Paranoia and distrust has begun running rampant at Palomar in recent months, and it is corroding the foundation of our college community.

Palomar’s “Better Together” theme is a notion that’s been endorsed by various groups on campus as a way to describe the college’s atmosphere and culture as one of unity and togetherness. Now, however, that theme increasingly seems more like a facade. A pound and a half of makeup to cover divisions between groups on campus that have succumbed to an “us versus them” mentality.

In this case, it is faculty that has expressed deep concern in the way administration and Governing Board members have been managing the college.

Over the summer break, several events transpired that brought about this concern, one such event being the Governing Board’s approval of a newly amended contract for Superintendent Joi Lin Blake.

There were several in the community who felt the new contract, which among other things raised Dr.

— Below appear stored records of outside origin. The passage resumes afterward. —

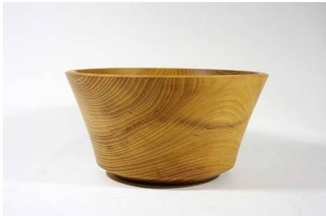
Scot Brown – Osage Orange Bowl
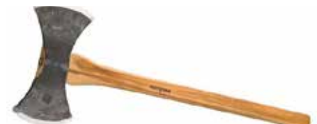
Motala Double Bit-Throwing Axe

The brand will introduce two lines exclusive to the U.S. market. The Premium Series of axes are "handmade works of art" with meticulous attention paid to the finish. Six axes, ranging from the compact Jonaker Backpacking Hatchet to the Motala Double Bit-Throwing Axe, are designed for hard outdoor use. They include a tanned leather axe head cover. The Standard Series features a more rustic finish designed to perform at the highest level while offering value to those who desire a Swedish steel axe, at a competitive price.
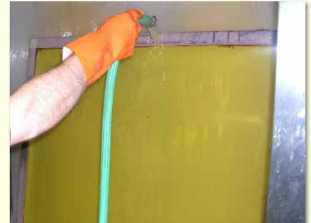
Step 3. Flood rinse the screen starting at the top and washing all residue off the screen.
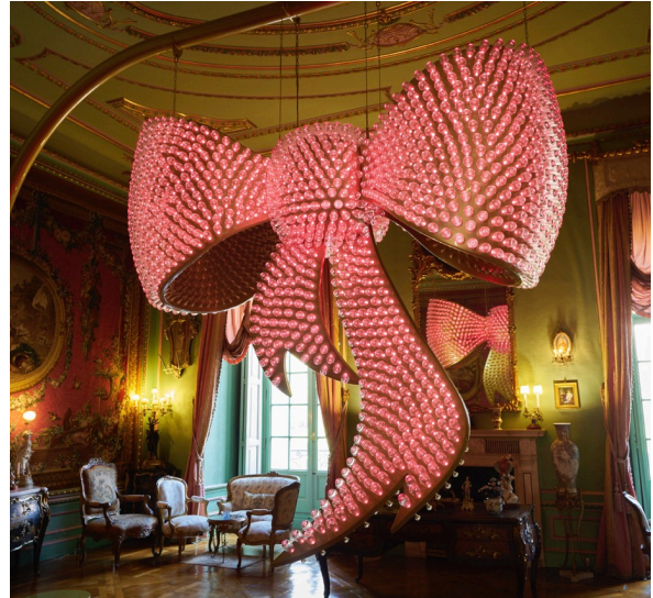
Joana Vasconcelos, Flamboyant , exhibition view, Palacio De Liria, 2025

In the exhibition Flamboyant , the artist presents over 40 works, offering a comprehensive view of her creative process. Her structures seamlessly integrate with the palace's environment, establishing a dialogue between contemporary art and masterpieces by artists such as Velázquez and Goya. The works naturally adapt to the historic rooms, some of which are being opened to the public for the first time, including the chapel, the music room, and the gardens.
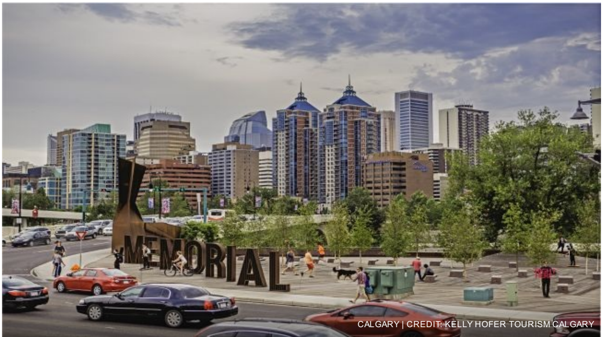
CALGARY

Overnight in Calgary at the Hyatt Regency Calgary
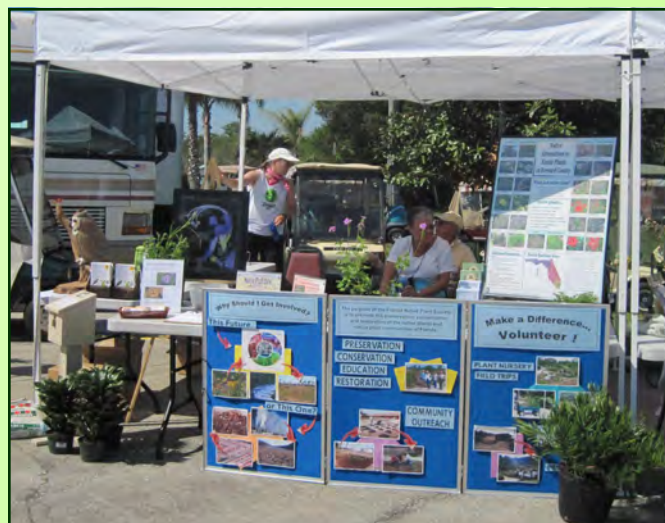
Sea Rocket's Education Exhibit at The Great Outdoors Fun Fair (above)

(Aren't these lousy photos? Can you do better? Contact Shari at jclark109@cfl.rr.com )
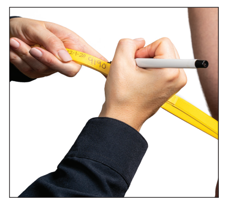
Tri-Folds® feature a textured writing surface.

Blake’s salary to $292,027 (which is $32,027 more than what she began earning in 2016) was an unreasonably generous renegotiation of the contract.

Several believed it to be more unreasonable still, the lack of an explanation by the Governing Board as to why they amended the contract in the manner they did.

Professor Lesley Blankenship-Williams wrote to the Governing Board before the contract approval, noting “the timing and presentation of this controversial amendment is highly suspicious. Why is this amendment being presented in July? The faculty are off contract and a lot of people are on vacation.”

Co President of the Palomar Faculty Federation Teresa Laughlin said in an email regarding transparency “my main problem with transparency is with the Governing Board. For example, they voted on the President’s contract without ANY discussion in open session.”

We understand that it is well within the legal right, and even responsibility of the Governing Board to have made their decision in closed session. We know also they’re under no legal obligation to provide any more context to their decision than they have already.

However, as questions continue to loom over the decision, we believe there is a social obligation to provide further insight and dialogue as to why they felt this new contract was appropriate, so that we can return to the “Better Together” model.

Increased communication can only propel a better college community environment. At the Aug. 20 Faculty Senate meeting, Governing Board members John Halcon and Mark Evilsizer were both in attendance.

Both were seemingly receptive to faculty concerns and both expressed a willingness to maintain consistent dialogue. That is the type of administrative initiative that Palomar needs in order to foster a sense of collectiveness.